Even if Q settles to the “correct” value of D, the fact that it settles more than Tcq after the edge is as good as resolving to the wrong value

Back to the two clock domains in Fig. 13.45. If data passes from clk1 domain to clk2 domain, then a setup-time violation will inevitably occur with a certain frequency. When this violation occurs, block 2 is basically unable to tell if the data coming from block 1 belongs to the upcoming cycle or to the cycle that just ended. This causes a metastable behavior, and the data at the output of the first register in block 2 will appear later than Tcq after the active edge of clk2.

Because all registers downstream in block 2 have clock cycles calculated based on data exiting registers after Tcq, this leads to the wrong values being registered and propagated in the receiver. These wrong values are again not intermediate electrical values; they are either “0” or “1”, but are certainly incorrect. The wrong bit is propagated downstream in the receiver subsystem leading to overall system failure.

Metastability is inevitable when crossing clock domains, and it causes unmitigated failure. To address metastability, we have to find ways to reduce its impact. To do this, we have to figure out how commonly it occurs. After all, if metastability is a rare or infrequent event, then why not just ignore it.

Figure 13.49 shows the time budget around the active edge of clk2. This is the budget that determines if we see metastability. The cycle has a period T₂. There is a window around the clock edge where an arriving signal from block 1 is metastable. This window is Tsu + Thold, with Tsu seconds before the edge and Thold seconds after the edge. Let T_m = Thold + Tsu.

To find the probability that metastability occurs, we assume that data from block 1 is uniformly distributed over period T₂. This assumption is acceptable when the two clock frequencies are fully independent. In this case, the probability that metastability occurs is

$$ P\left( {\rm metastability} \right) = \frac{{T_{m} }}{{T_{2} }} $$

and data arrives from block 1 every T₁, thus the rate at which metastability occurs is

$$ R\left( {\rm metastability} \right) = \frac{{T_{m} }}{{T_{2} }}f_{1} = \frac{{T_{m} }}{{T_{1} T_{2} }} $$

Metastability is a failure that happens as the circuit is operating and the rate R above is its failure rate. This makes metastability a matter of reliability. From Sect. 14.8, we see that mean time between failures (MTBF) is the most useful measure of reliability. MTBF answers the question: if a failure occurs, how long does it take for the same failure to repeat. If MTBF is high for any kind of failure, then we do not need to solve it. This is simply because if the failure occurs, then all we have to do is reset the system, and the same failure will not repeat for a long time represented by MTBF. MTBF is the reciprocal of failure rate.
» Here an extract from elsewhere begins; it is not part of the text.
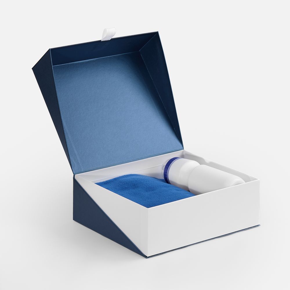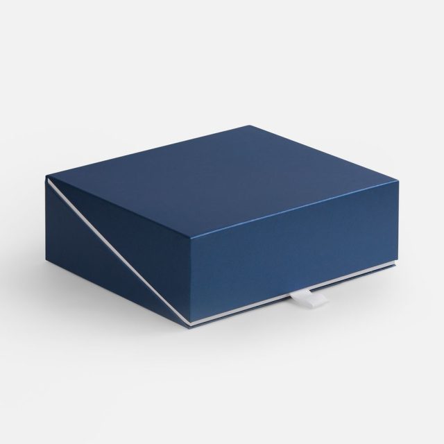 Коробка изготовлена из переплетного картона. Внутренний короб каширован мелованной бумагой с ламинацией, внешний корпус — лайнером из металлизированной бумаги Pearl Dream Blue, плотностью 135 г/м². Крышка фиксируется на магнит.

Assume typical values for the clocks:

$$ \begin{array}{*{20}c} {T_{m} = 10\,{\rm ps}} \\ {T_{1} = 2\,{\rm ns}} \\ {T_{2} = 1\,{\rm ns}} \\ \end{array} $$

These numbers assume a very tight T_m, thus favoring a lower failure rate. However, we still find that R:

$$ R = \frac{{10\times10^{ - 12} }}{{2\times10^{ - 9} \times 1\times 10^{ - 9} }} = 5/ \upmu s $$

This translates into MTBF of

$$ MTBF = 0.2\,\upmu s $$

Thus if a failure due to metastability occurs and we fix it or ignore it, then the next metastability would occur only 0.2 μs later. So obviously metastability is a major issue. It fundamentally interferes with the operation of circuits that pass data between clock domains, rendering them useless. And it happens so frequently that simply ignoring it is unviable. Similar results would be obtained for a very large range of T_m, T₁, and T₂. Thus none of these parameters can be used to manage MTBF. We need a more fundamental solution.

To find a solution for metastability, we have to better understand how latches exit it. Figure 13.50 shows a model for inverters I1 and I2 and their output nodes X and Qi. The “output” of this circuit is actually the differential voltage V_qi−V_x. We call this differential voltage V_d. When the absolute value of V_d reaches V_dd, the two inverters are considered to have exited metastability.

The two inverters I1 and I2 are in the transitional region, thus their transistors are saturated, and they have to be modeled as amplifiers. The model is shown in Fig. 13.50. The two transistors in each of the inverters are simultaneously in saturation region, leading to amplifier-like behavior. A deeper discussion of inverters acting as amplifiers is presented in Sect. 12.6.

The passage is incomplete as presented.